* WHAT IS NEEDED:
Return the data below exactly, minus the pictures.

* DATA BLOCK:
-*-

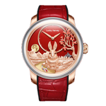 Het Rabbit Red horloge van Lucky Harvey viert het Jaar van het Konijn met tijdloze elegantie. Deze gelimiteerde editie, geproduceerd in slechts 388 exemplaren, is een eerbetoon aan de symboliek van het konijn in China, geassocieerd met geluk en voorspoed. De fijn gedetailleerde wijzerplaat is voorzien van een zilveren konijnmotief, terwijl de robuuste roestvrijstalen kast en het automatische uurwerk betrouwbaarheid en precisie bieden. Uitgerust met een lichtgevende functie valt het horloge zelfs in het donker op en biedt het een elegante gloed. Dit zeldzame exemplaar is een must-have voor verzamelaars en liefhebbers van verfijnde horlogemakerij.
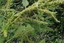 反枝苋是苋科苋属的一年生草本植物。株高达1米;茎密被柔毛;叶菱状卵形或椭圆状卵形,先端锐尖或尖凹,两面及边缘被柔毛,下面毛较密;穗状圆锥花序,顶生花穗较侧生者长;花被片长圆形或长圆状倒卵形,…全部>>
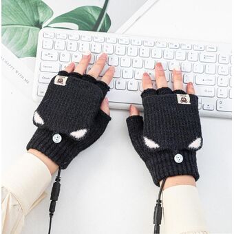 Winter Office USB Heating Warm Half Finger with Cover Gloves Heated Pad, Size: Free Size(Black)

-*-

* SOLUTION:
 Het Rabbit Red horloge van Lucky Harvey viert het Jaar van het Konijn met tijdloze elegantie. Deze gelimiteerde editie, geproduceerd in slechts 388 exemplaren, is een eerbetoon aan de symboliek van het konijn in China, geassocieerd met geluk en voorspoed. De fijn gedetailleerde wijzerplaat is voorzien van een zilveren konijnmotief, terwijl de robuuste roestvrijstalen kast en het automatische uurwerk betrouwbaarheid en precisie bieden. Uitgerust met een lichtgevende functie valt het horloge zelfs in het donker op en biedt het een elegante gloed. Dit zeldzame exemplaar is een must-have voor verzamelaars en liefhebbers van verfijnde horlogemakerij.
 反枝苋是苋科苋属的一年生草本植物。株高达1米;茎密被柔毛;叶菱状卵形或椭圆状卵形,先端锐尖或尖凹,两面及边缘被柔毛,下面毛较密;穗状圆锥花序,顶生花穗较侧生者长;花被片长圆形或长圆状倒卵形,…全部>>
 Winter Office USB Heating Warm Half Finger with Cover Gloves Heated Pad, Size: Free Size(Black)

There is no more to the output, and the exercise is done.